Show that the number of nodes after removing will be in the interval:
$[10^6-10^4, 10^6+10^4]$
I would appreciate any hints.
Let $X$ be the number of isolated vertices. Let $p=2^{-0.1}$.
By linearity of expectation, the expected (average) number of isolated vertices will be $$E(X)=(2 \times 10^6) \times p^{10}=10^6.$$
We can compute the variance $\mathrm{Var}(X)=E(X^2)-E(X)^2$.
To compute $E(X^2)$, note that $X^2$ is the random variable giving the number of ordered pairs $(u,v)$ of isolated vertices.
There are $2 \times 10^6$ pairs $(u,u)$, each with probability $p^{10}$ of being isolated.
There are $2 \times 2 \times \binom{10^6}{2}$ pairs $(u,v)$ with $u$ and $v$ being distinct vertices in the same part, each pair having probability $p^{20}$ of both vertices being isolated.

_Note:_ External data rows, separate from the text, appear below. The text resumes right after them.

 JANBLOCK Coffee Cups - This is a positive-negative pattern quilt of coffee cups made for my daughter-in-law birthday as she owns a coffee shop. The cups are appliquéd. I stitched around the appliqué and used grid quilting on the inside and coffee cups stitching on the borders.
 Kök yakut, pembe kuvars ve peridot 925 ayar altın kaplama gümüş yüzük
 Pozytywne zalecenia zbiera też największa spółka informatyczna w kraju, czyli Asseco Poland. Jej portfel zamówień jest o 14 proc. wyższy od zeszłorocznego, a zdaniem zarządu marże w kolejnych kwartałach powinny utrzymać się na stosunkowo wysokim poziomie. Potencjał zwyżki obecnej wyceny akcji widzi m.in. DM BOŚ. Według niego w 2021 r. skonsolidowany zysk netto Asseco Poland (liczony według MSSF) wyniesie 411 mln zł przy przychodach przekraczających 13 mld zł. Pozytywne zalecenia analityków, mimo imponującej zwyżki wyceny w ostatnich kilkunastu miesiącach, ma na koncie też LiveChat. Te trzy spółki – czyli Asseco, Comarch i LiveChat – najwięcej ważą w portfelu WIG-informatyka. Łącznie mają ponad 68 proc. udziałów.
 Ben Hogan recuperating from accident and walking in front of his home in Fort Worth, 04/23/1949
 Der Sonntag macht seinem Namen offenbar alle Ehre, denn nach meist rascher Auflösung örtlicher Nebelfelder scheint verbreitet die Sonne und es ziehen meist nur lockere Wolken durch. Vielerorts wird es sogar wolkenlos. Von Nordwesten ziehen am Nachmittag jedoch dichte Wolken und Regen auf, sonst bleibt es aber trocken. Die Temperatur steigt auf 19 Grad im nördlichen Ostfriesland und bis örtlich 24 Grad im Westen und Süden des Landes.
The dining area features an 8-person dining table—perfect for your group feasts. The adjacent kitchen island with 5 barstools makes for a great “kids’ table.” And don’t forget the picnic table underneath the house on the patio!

There are $\tfrac{1}{2} \times 10 \times 2 \times 10^6=10^7$ edges, and hence $2 \times 10^7$ pairs $(u,v)$ where $u$ and $v$ are adjacent, each having probability $p^{19}$ of both vertices being isolated.
There are $(10^6)^2-10^7=10^{12}-10^7$ non-edges and hence $2 \times (10^{12}-10^7)$ pairs $(u,v)$ where $u$ and $v$ are in different parts and are not adjacent, each having probability $p^{20}$ of both vertices being isolated.

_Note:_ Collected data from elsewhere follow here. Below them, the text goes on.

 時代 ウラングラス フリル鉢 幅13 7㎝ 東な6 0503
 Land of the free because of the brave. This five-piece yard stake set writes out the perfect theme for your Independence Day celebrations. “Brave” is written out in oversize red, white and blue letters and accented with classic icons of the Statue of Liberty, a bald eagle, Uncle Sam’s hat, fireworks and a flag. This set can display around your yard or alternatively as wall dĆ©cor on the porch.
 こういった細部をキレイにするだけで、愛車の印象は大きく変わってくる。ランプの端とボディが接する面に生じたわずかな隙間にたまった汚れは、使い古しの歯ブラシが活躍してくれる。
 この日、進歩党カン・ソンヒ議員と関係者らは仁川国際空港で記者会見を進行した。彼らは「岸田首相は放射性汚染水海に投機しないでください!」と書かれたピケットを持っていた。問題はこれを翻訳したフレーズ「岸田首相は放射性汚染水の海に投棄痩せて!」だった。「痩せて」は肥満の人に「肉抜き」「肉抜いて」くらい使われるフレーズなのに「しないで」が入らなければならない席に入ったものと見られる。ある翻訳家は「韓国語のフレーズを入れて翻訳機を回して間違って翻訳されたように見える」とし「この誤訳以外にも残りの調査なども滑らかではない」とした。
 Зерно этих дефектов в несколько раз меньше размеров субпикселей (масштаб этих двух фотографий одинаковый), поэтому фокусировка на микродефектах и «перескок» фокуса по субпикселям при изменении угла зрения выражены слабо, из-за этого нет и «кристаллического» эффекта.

So, together we have $E(X^2) \leq 10^{12}+0.86 \times 10^6$. Hence we have $$\mathrm{Var}(X) \leq 0.86 \times 10^6$$ and standard deviation $$\mathrm{Sd}(X)=\sqrt{\mathrm{Var}(X)} \leq 928.$$
This is probably where the $\pm 10^4$ in the question comes from.
I've checked that this matches with experimental results. I generated the graph on vertex set $\{u_i:i \in \mathbb{Z}_{10^6}\} \cup \{v_i:i \in \mathbb{Z}_{10^6}\}$ where $u_i$ is adjacent to $v_{i+k}$ for all $k \in \{0,1,\ldots,9\}$. After deleting edges independently with probability $p$, the number of isolated vertices were found:
which has sample mean $999634$ and sample standard deviation $\approx 902$, consistent with the theoretical results.